Problem details: Output, exactly as written, the lines below from the one that has "しかし、近年のBtoBにおけ" through the one that has "Jas met afneembare"; nothing else, and no pictures.

Input:
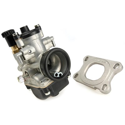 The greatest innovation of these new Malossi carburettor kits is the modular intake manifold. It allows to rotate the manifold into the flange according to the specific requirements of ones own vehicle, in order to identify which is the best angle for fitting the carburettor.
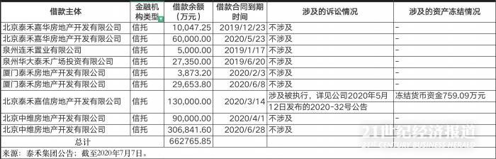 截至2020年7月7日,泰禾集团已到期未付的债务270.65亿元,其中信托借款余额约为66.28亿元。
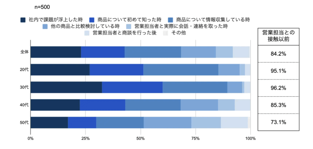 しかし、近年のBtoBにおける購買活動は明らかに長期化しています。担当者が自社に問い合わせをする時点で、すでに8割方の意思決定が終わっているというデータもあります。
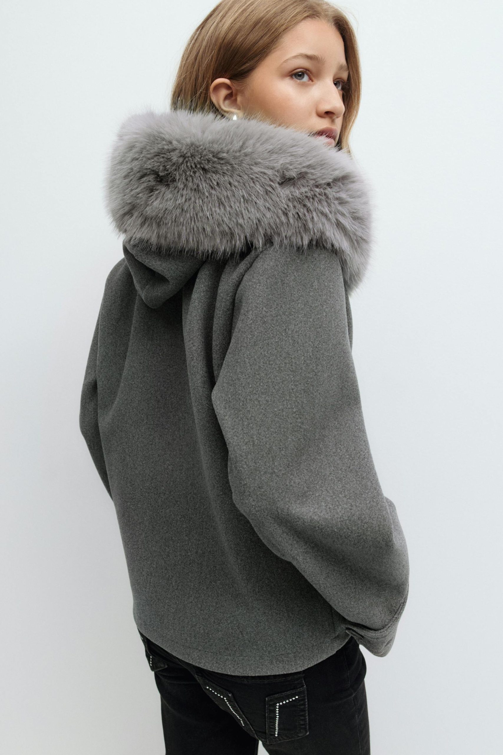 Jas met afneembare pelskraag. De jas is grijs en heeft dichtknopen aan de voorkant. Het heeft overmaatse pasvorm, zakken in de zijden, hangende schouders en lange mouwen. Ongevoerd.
--
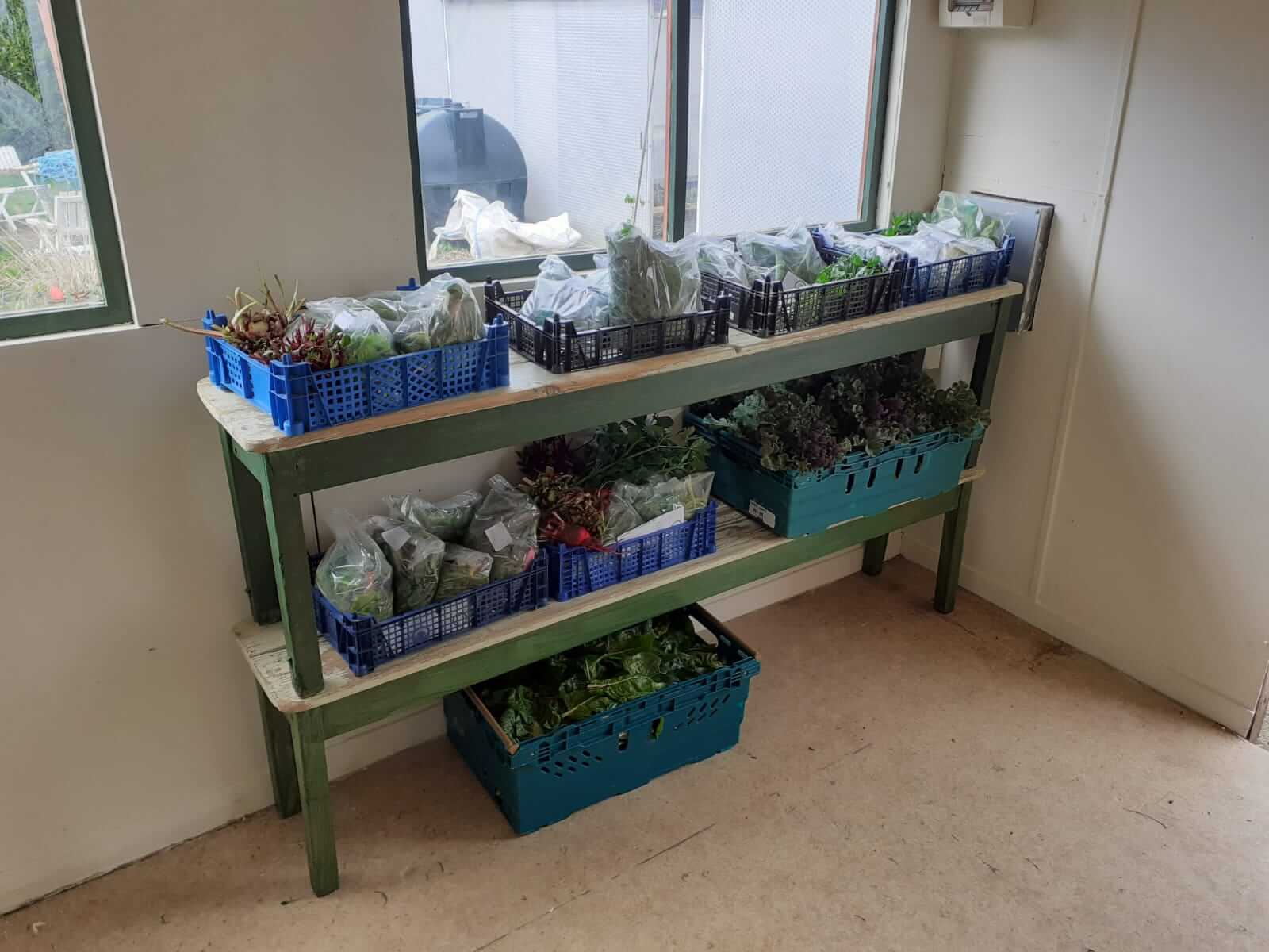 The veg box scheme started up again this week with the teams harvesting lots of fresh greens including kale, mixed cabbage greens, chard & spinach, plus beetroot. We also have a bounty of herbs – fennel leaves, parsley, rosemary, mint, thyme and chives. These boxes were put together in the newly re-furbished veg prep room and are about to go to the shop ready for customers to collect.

Answer to the exercise:
 しかし、近年のBtoBにおける購買活動は明らかに長期化しています。担当者が自社に問い合わせをする時点で、すでに8割方の意思決定が終わっているというデータもあります。
 Jas met afneembare pelskraag. De jas is grijs en heeft dichtknopen aan de voorkant. Het heeft overmaatse pasvorm, zakken in de zijden, hangende schouders en lange mouwen. Ongevoerd.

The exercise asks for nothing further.